Other times, the thoughts may tell someone to do something that doesn't make sense... these are called "rituals" ("I need to count my crayons ten times before bed every day.... I need to match all my clothes exactly right")
Sometimes, people know that these obsessions don't quite make sense, but they still cannot make them go away
Many people will feel that they need to do something over and over again to try to make the obsession go away. These behaviors are called "compulsions." For example:
If they have thoughts about about germs, they may wash their hands a lot
If they have thoughts about someone they love being hurt, they may check on that person many times
If the thoughts tell them to count their crayons every night, they may do it
Compulsions usually make the obsessions go away for a little while, but the thoughts almost always come back
For some people, the obsessions and compulsions make it hard to focus on anything else, and may take up so much time that they get in the way of other things (such as school and family time)
Treatment can make the obsessive thoughts much less strong and much less frequent; when this happens, the compulsions usually don't feel so important any more, and it is easier to enjoy life
People with Obsessive-Compulsive Disorder (OCD) struggle with obsessions, compulsions, or both.
Obsessions are intrusive, bothersome thoughts that occur repeatedly in a person’s mind. These thoughts can take the form of words, images, or urges, and their content can be quite variable. Many people experience obsessive thoughts related to germs; they may fear that touching a “dirty” surface will make them ill or more generally “contaminated.” Other people experience recurrent thoughts involving aggressive acts; these thoughts can be especially concerning when the aggressive thoughts involve a loved one (for instance, some mothers with OCD experience obsessive thoughts about harming their children). Some individuals experience recurrent sexual thoughts, which may also be quite disturbing to the person if the content of the thoughts violates their moral code in some way (such as intrusive thoughts about sexually assaulting someone). Similarly, some people experience intrusive worries that they may have unintentionally hurt someone else without realizing it, such as when a person worries while driving that they may have unknowingly caused a traffic accident. Other individuals experience excessive concern about order and/or symmetry, and when something in their environment appears “out of place” to them, they may not be able to stop thinking about it. While their content varies widely, obsessive thoughts are all related in that they are intrusive, recurrent, and bothersome. They occur frequently, no matter how much someone tries to push them away, and they cause significant anxiety or distress. Many (though not all) individuals with OCD recognize that their thoughts do not make sense on some level, but this knowledge is usually of little help. For some individuals, particularly those who struggle with sexual or aggressive obsessions, their thoughts can be a great source of shame and guilt.
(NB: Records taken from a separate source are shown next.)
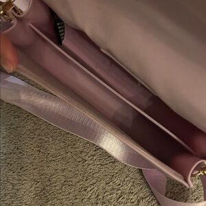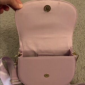 Features a structured shape with a flap closure and adjustable crossbody strap.
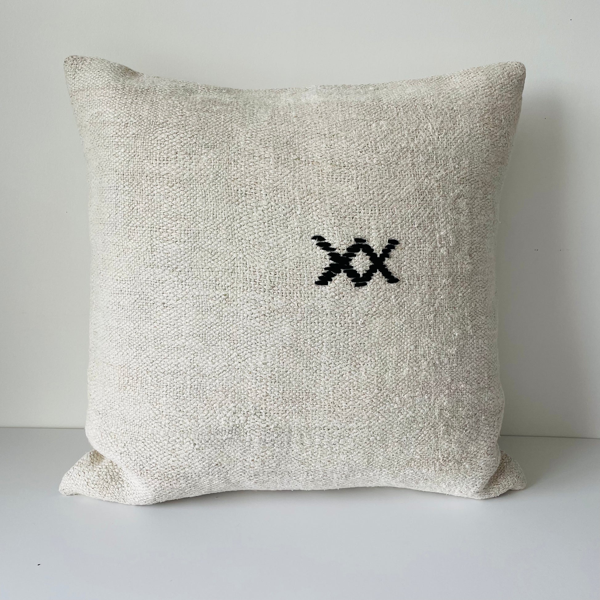Vintage Hemp Cushion - Black Crosses
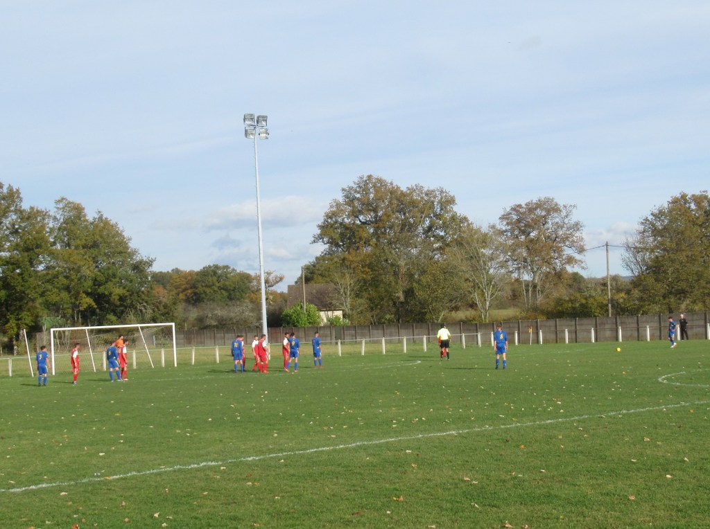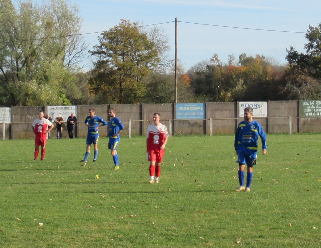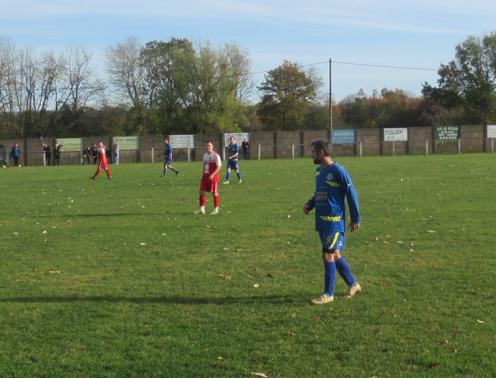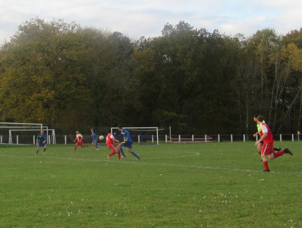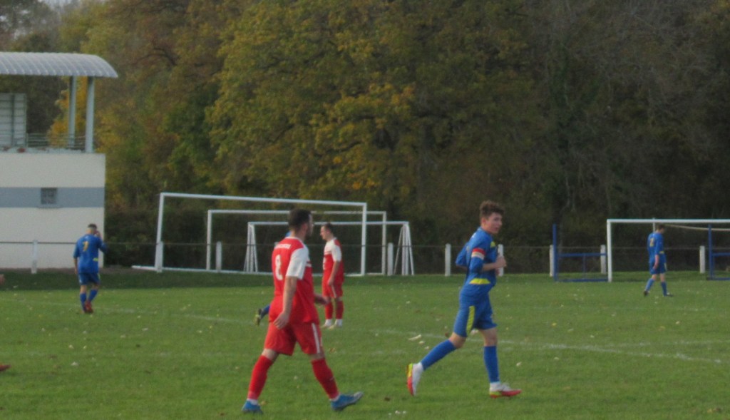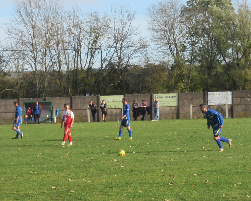 Est ce la faute au changement d’heure ??? En tous cas les bleus ratent complètement leur début de match et on assiste à une véritable attaque – défense. Et ce qui devait arriver arriva. Un centre de la droite trouve l’avant centre seul au six mètres qui marque d’une belle volée, 0-1. Puis 0-2 sur une tête imparable au deuxième poteau. A l’image d’un Antonin, très actif dans l’entre jeu, la révolte commence. Capitaine Basile, par sa vitesse, montre la voie. Peu avant la pause sa frappe de 20m est mal repoussée par le gardien et Clément, en vrai fennec des surfaces, réduit la marque, 1-2. Clément a même une balle de 2-2 mais son piqué manque de peu le cadre. En seconde période, avec le vent, Lacanche assoit sa qualification en marquant rapidement un troisième but. L’espoir renait même avec une nouvelle réalisation de Antonin à la conclusion d’un beau mouvement collectif. Mais Lacanche était le plus fort aujourd’hui et trouve encore par deux fois le chemin des filets. Le FCSG tente de placer quelques contres mais rien n’y fait.
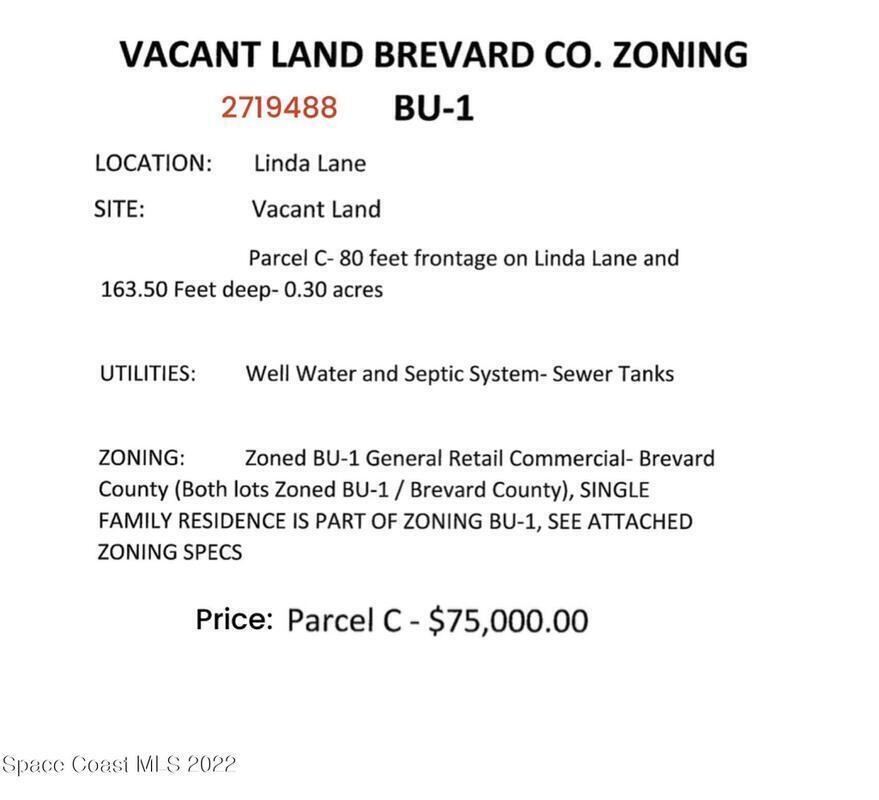 Are you seeking Commercial or Residential Vacant Land in Brevard County? This lot has options! Build Your Business or YOUR HOME! BU-1 Zoning allows many uses From Retail, Professional Office, Residential but not limited to! For a complete list of your OPTIONS see attached Docs or Call List Agent for more details.Zoning: This lot is Zoned BU-1 General Commercial / w SINGLE FAMILY RESIDENCE being a part of Zoning BU-1. See attached zoning specs for further details. *NOTE Seller is also selling PARCEL B - MLS# 954521 same specs as this parcel. *PC Details: Vacant Land Parcel C - 80 Feet Frontage on Linda Lane in Eau Gallie Florida Brevard County and 163.50 Feet Deep - 0.30 Acres

Compulsions are repetitive behaviors that a person feels they must complete, often in response to an obsession. These behaviors may provide temporary relief from the anxiety produced by an obsession, but compulsions tend to be excessive and time-consuming, and they generally do not align with what most would consider to be a rational solution to a particular problem. For example, someone who experiences obsessive thoughts about contamination may feel they need to wash their hands multiple times throughout the day-- far more frequently than would be recommended by any health professional, and sometimes so frequently that they actually cause damage to their skin. Someone who experiences harm-related obsessions may need to engage in behaviors to reassure themselves that they did not actually hurt anyone (such as retracing one’s route after driving in a car, to make sure that no one was hit). Some individuals with OCD have “rituals” that they feel compelled to perform on a regular basis, such as counting or arranging items in a particular way. At times, these rituals may be connected to irrational harm obsessions; people may believe that if they do not complete the ritual, something terrible will happen to them or their loved ones, even if the ritual has nothing to the outcome they are afraid of. Other times, the rituals are performed simply because a person will feel anxious if they are not completed.
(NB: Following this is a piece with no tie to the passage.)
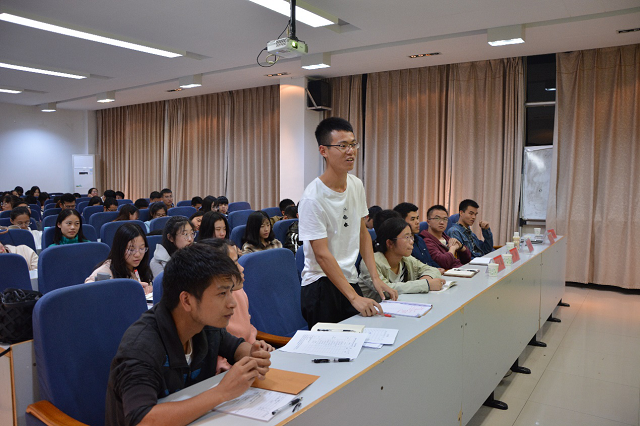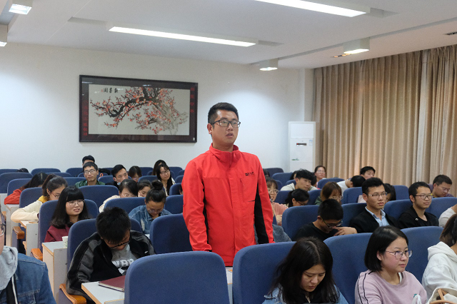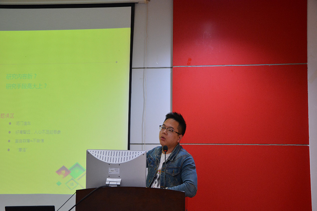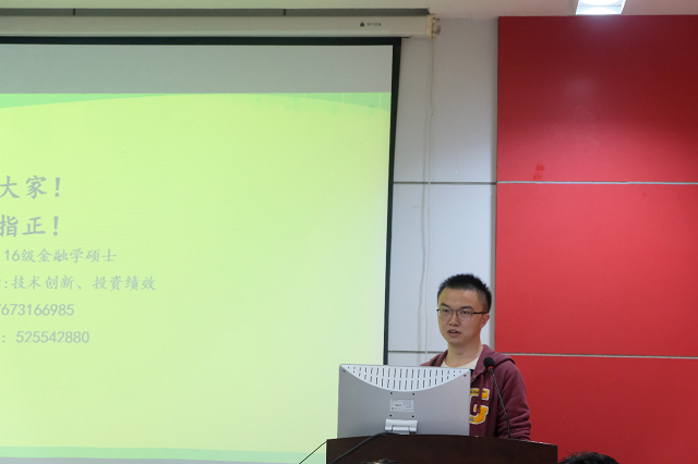 第三位主讲人是来自商公司的2016级金融学硕士研究生唐世一,他汇报的题目是《生活中的经济》,首先他向我们简单介绍了经济学的基本概念,基本假设和思维方式,然后又以经济学十大原理并结合实际生活中各个案例生动地阐述了生活中的经济这一主题,在汇报中他以经济学原理分析了“我们为何要上研?”这一问题,引起了在座观众的广泛共鸣。
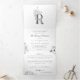 'R' Monogram Beautiful Sketched Floral Wedding Tri-Fold Invitation

People without OCD can experience mild versions of the symptoms described above. For instance, many people may get unwanted thoughts stuck in their head from time to time, or become frustrated when they are in a messy environment, or engage in seemingly irrational “ritualistic” behaviors because it makes them feel calmer.. However, for individuals who truly meet criteria for OCD, the obsessions and compulsions they experience cause marked distress and impairment in their day-to-day functioning, and in severe cases can become debilitating and can contribute to depression and suicidal thoughts. Multiple forms of treatment exist for OCD, including medication and talk therapy. Treatment can help decrease the frequency and intensity of the obsessions, and can provide individuals with the skills that they need to manage their symptoms and return their focus to the parts of their life that they find meaningful and rewarding.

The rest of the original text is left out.